Yes. So for the near term, as Bill mentioned, we're looking to develop IDELVION and AFSTYLA for the China market. I won't speak about launch, but for development, we're working with the authorities there as well as health care providers to start a clinical trial to show how those products perform for efficacy and safety in the relevant population within China. So it's a bit of a bridging strategy given that they're already on market. And then as we progress the rest of our biotech portfolio, we'll be looking to include China in our global development program wherever it's appropriate.

Yes. Okay. That's fine. Understood. And then just a quick one. Clazakizumab didn't get much mention today. Just wondering where that currently sits. Is there going to be any change since the commentary last year?

Continues to progress. A little bit of impact from COVID as well because it's one of those hospitalized protocols as I was mentioning earlier. The next big thing is we have to get to the next milestone of the number of patients so that we can look at the interim analysis. But that probably will be another year at least till we get to that now.

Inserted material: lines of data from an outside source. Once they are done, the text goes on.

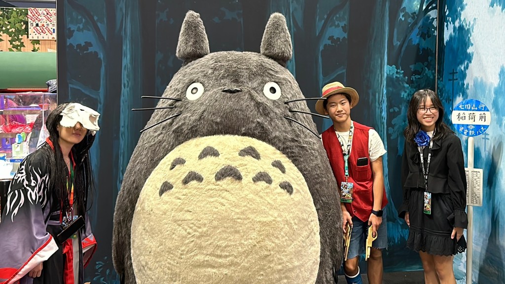 Buying Japanese collectibles couldn’t be any easier! All of the top merchandise can be found under one roof at Anime NYC: statues & figures, model kits, blind boxes, plushies, trading cards, acrylics, Blu-ray & DVDs, apparel, prop replicas, games, posters & original art, and much more from nearly 1,000 exhibitors & artists to shop from. Not to mention fan-favorite brands like V1 Tech, Bandai, Viz Media, Aniplex, Kinokuniya, Bushiroad, HYPLAND, and Anime NYC title sponsor Crunchyroll. Many offered first come, first served giveaways and fun backdrops such as Studio Ghibli’s Totoro photo op (below):
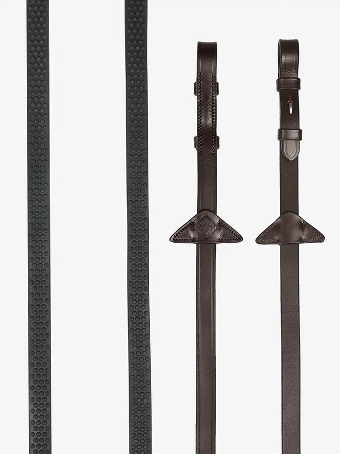 The LeMieux Soft Rubber Reins are beautifully soft and flexible reins that have a light feel in the riders' hands. With raised pimple texture for additional grip and nylon lining to prevent stretching.
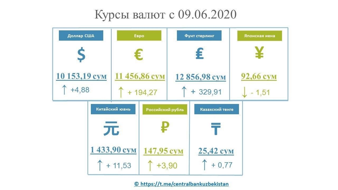 Центральный банк Узбекистана установил новые курсы иностранных валют по отношению к суму. Курс доллара составил 10 153,19 сумов (4,88), а евро – 11 566,86 сумов (194,27).
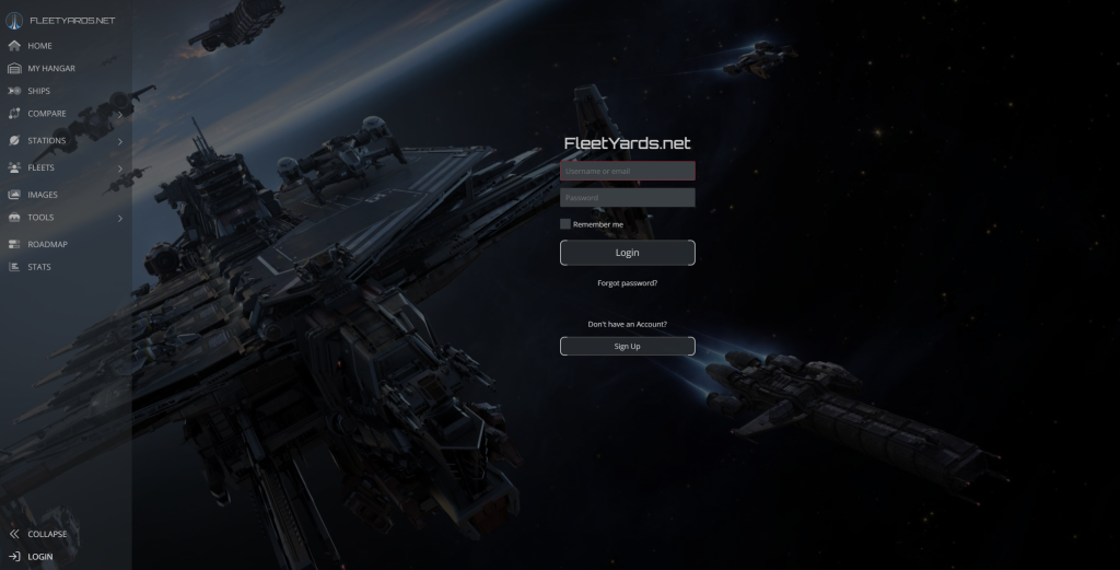 A hangar tool that allows users to view the ships they own in a visually represented grid or in a 3D model top-down view. Users can also connect with friends to form fleets and get a comprehensive view of all ships in the fleet.

Yes. And look, as Bill mentioned, the conduct of trials in hospitals itself has been a challenge in COVID and these patients that are clearly quite vulnerable. It's also how they're navigating health care systems in general will remain a challenge in some areas. But certainly, we're working very closely with our sites to make sure we continue those trials while protecting the patients that may volunteer to participate.

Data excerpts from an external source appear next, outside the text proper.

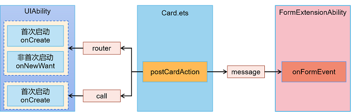 - message事件:可以使用message拉起FormExtensionAbility,通过onFormEvent接口回调通知,以完成卡片内控件点击消息传递,从而更新卡片内容。
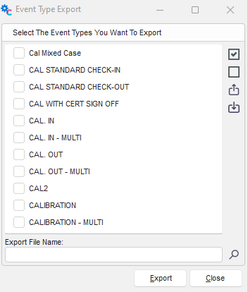 Clicking this icon will allow you to select any of the events in the system to export to a file.
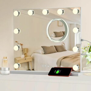 ビッグの高輝度LED電球で囲まれた女優ミラー:通常より大きいサイズの立体的な高輝度LED電球を搭載された女優鏡です。天候や場所の影響を受けずに、しっかりした明るさでメイクアップし、ハリウッドスターの気分で毎日を楽しめます。商品
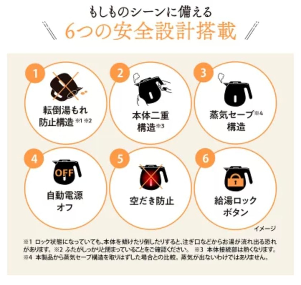 シンプル機能でベーシックな電気ケトル。ベーシックながらも6つの安全設計を搭載しており、使いやすさと安全性を兼ね備 えています。
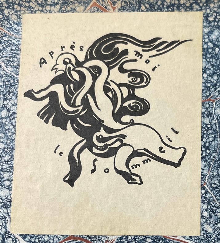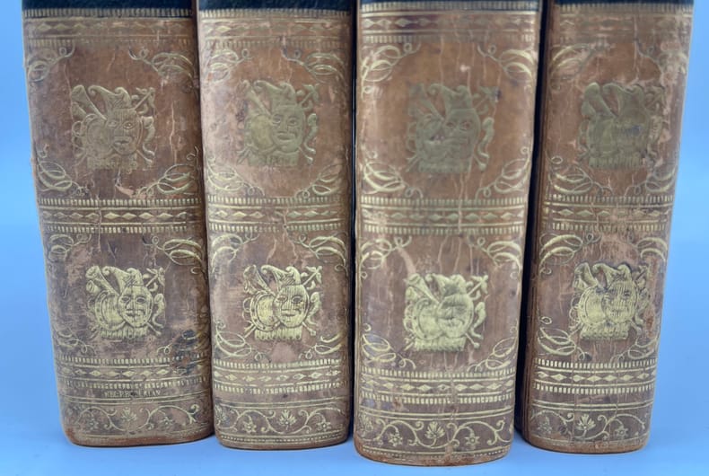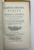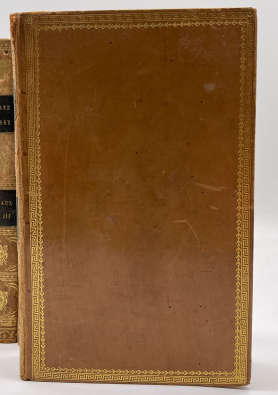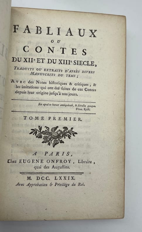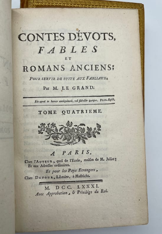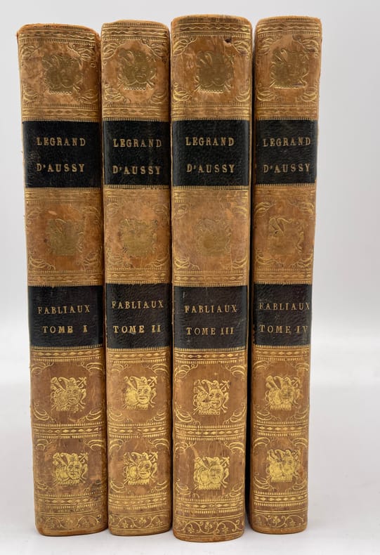Pierre Jean-Baptiste Legrand d'Aussy, Fabliaux ou contes du XIIe et du XIIIe siècle traduits ou extraits d'après divers manuscrits du temps ; Avec des notes historiques & critiques, & les imitations qui ont été faites de ces Contes depuis leur origine jusqu'à nos jours [&] Observations sur les troubadours, par l'éditeur des Fabliaux [&] Contes dévots, fables et romans anciens ; pour servir de suite aux Fabliaux, par M. Le Grand. Paris, Eugène Onfroy, 1779 & Paris, chez l'auteur, 1781. 4 volumes in-8, [4]-CIX-[5]-414-[2]p [y compris la figure face à la p.1], [4]-430-[1]p, [4]-[2]-68-468p & [4]-XLVI-[2]-400p. Edition originale complète de cet important ensemble de contes, bien complet du supplément sur les troubadours, relié ici en tête du tome 3 avec faux-titre ([2]-68p). « Exceptionnel exemplaire en grand papier » (Piasa) vergé et grand de marges (203*127mm) avec certains feuillets encore aux témoins. « Ce recueil contient un grand nombre de morceaux piquants par la naïveté et par le ton satirique, double caractère qui distingue éminemment les ouvrages des plus anciens de nos poètes ; aucun livre ne fait mieux connaître les moeurs d'une époque qui ne mérite pas tous les regrets qu'on est tenté de lui accorder. » (PP Augustin & Alois de Backer, Bibliothèque des écrivains de la compagnie de Jésus. Liège, Grandmont-Donders, 1859. Cinquième série. p.251). Provenance : Paul Eluard (1895-1952), poète, avec son bel ex-libris gravé par Max Ernst (1891-1976) portant la devise « après moi le Sommeil » ; Paris, vente Piasa, 24 novembre 2005, n°186. Jolie reliure parlante : le fer dans les caissons porte un masque, un bouclier et des trompes. Reliure signée Bozerian, légèrement postérieure (ca.1800), plein veau blond glacé, dos lisse orné, pièces de titre et tomaison maroquin noir, dos orné, roulette encadrant les plats, roulette sur les coupes et en bordure des contreplats, tranches dorées. Mors et coiffes parfois un peu frottées, quelques coins un peu usés. Très bel exemplaire à la belle provenance.

Good. Thanks, David. Our last question is from Steve Wheen at Jarden.

I appreciate this hasn't been discussed as part of your slides, but expect it does come under R&D. I'm wondering whether or not you could give us any insight or color around the trial for transitioning to the Terumo plasmapheresis collection platform. And any update as to sort of progress on that front for getting that platform approved?

Yes. I don't know that I have a latest update. I do know that the trial was conducted. And I believe they have either filed or planning to file soon, but that's about all the update now.

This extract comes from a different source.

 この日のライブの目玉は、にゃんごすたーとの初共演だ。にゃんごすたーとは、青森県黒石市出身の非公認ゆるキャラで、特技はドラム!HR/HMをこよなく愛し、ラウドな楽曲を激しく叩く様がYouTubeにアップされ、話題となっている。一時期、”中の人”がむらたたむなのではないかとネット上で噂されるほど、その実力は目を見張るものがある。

Okay. And then secondly, just turning to Firazyr and Zemaira. Over time, that's sort of been a bit start/stop with regards to bottlenecks, supply chain issues. Can you provide some insight as to what's been the problem here and whether the latest efforts is something that will fix that problem or would?

I'll start, Bill, and then maybe you can pick up. So there's been a few manufacturing hiccups again with the narrow line. We believe we have a fix now. We'll know about that fix early in 2022, and we'll be able to give you an update towards the end of the year or at the -- or with the full year results. I'm optimistic that we have a fix that will help the supply long-term for Bill. Anything you want to add, Bill?

Yes. Thanks, Bill. I'll add a little bit and say thanks for the question. It has been a start-and-stop process. You're right. We feel badly about that. We spend a lot of time talking with patients about our current situation and have tried to reposition product back and forth to various markets to meet the needs to the best of our ability. I, like Bill, am very confident that the pieces that we're now putting in place will solve this issue. The team has spent a lot of time and effort, and they brought a lot of effort to getting this fixed. So I'm pretty confident that, that will be the case. We have a bit longer, as Bill said, to get through the balance of this fiscal and to next. And then I think we'll have it behind us once and for all.

Good. Thank you, Steve. Ladies and gentlemen, we have no further questions in the queue, so we'll draw the briefing to a close. I'd like to thank you for your interest in CSL, and goodbye.